Louis-Antoine Paquin, a spokesperson for SNC-Lavalin, blamed the problem on patients or visitors stuffing too much paper or other objects into toilets, rather than something inherently wrong with the drains.

“It really has to do with the use of the toilets themselves — in other words, what people put in the toilets,” Paquin said.

In a previous interview on Tuesday, Paquin revealed that there was a break in the pipe joints of one of the storm drains last week, and a subcontractor that installed the drain will have to repair it. However, the break in the storm drain is unrelated to the overflowing sewage drains, he added.

David Kellner, a master plumber with Monsieur Drain contacted by the Montreal Gazette, disputed SNC-Lavalin’s explanation that blocked toilets are causing the sewage backup. He suggested that the smell coming from the drain in the public bathroom visited by the reporter would not have been caused by simply stuffing one toilet.

“There’s definitely a blockage further down in the main drain where the water is coming up and it’s coming up into the floor drains,” said Kellner, who has not worked at the superhospital. “One hundred per cent, it’s a deeper problem.”

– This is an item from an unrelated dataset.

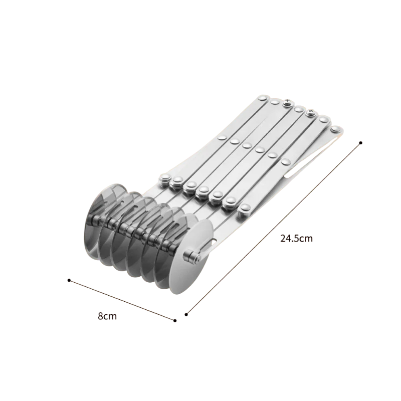 Jokainen pyörä pyörii sujuvasti ja luo puhtaita ja suoria leikkuuja. Säädettävä järjestelmä mahdollistaa leveyden muuttamisen pyörien välillä. Se on erittäin monipuolinen – sopii taikinalle, pizzalle, nuudeleille ja leivontakoristeille.

MUHC housekeeping alerted SNC-Lavalin “numerous times” to the stench from that bathroom, but nothing was done, another source said. In an email sent late Wednesday afternoon, Paquin said: “We were notified only this afternoon of the problem you refer to in the bathroom in the lobby of the Children’s. We’ve sent someone over there who removed the tape, which was not put there by us, and poured water in the drain. That person will go back (Thursday) morning to make sure everything is OK.”

In April, MUHC officials said they had identified 3,000 deficiencies with the superhospital ranging from minor issues like the wrong height of counters to more serious problems such as faulty wiring in operating rooms. The Montreal Gazette has since learned that other insider estimates put the total number at 14,000.

In fact, the MUHC’s health and safety department has specifically instructed staff to document every medical accident that could be attributed, in part, to problems with the new facilities.

Under a public-private partnership, the private consortium finances a public project, designs and builds it and then maintains it for a predetermined period, leasing it back to the public partner. Under the MUHC deal, the leasing period is 34 years, after which ownership will be assumed fully by the hospital network.

SNC-Lavalin won the contract in 2010 to build the MUHC superhospital after a competition with a Spanish-led consortium. Former SNC-Lavalin executives now face criminal charges alleging that they made $22.5 million in bribes to former MUHC officials to win the contract.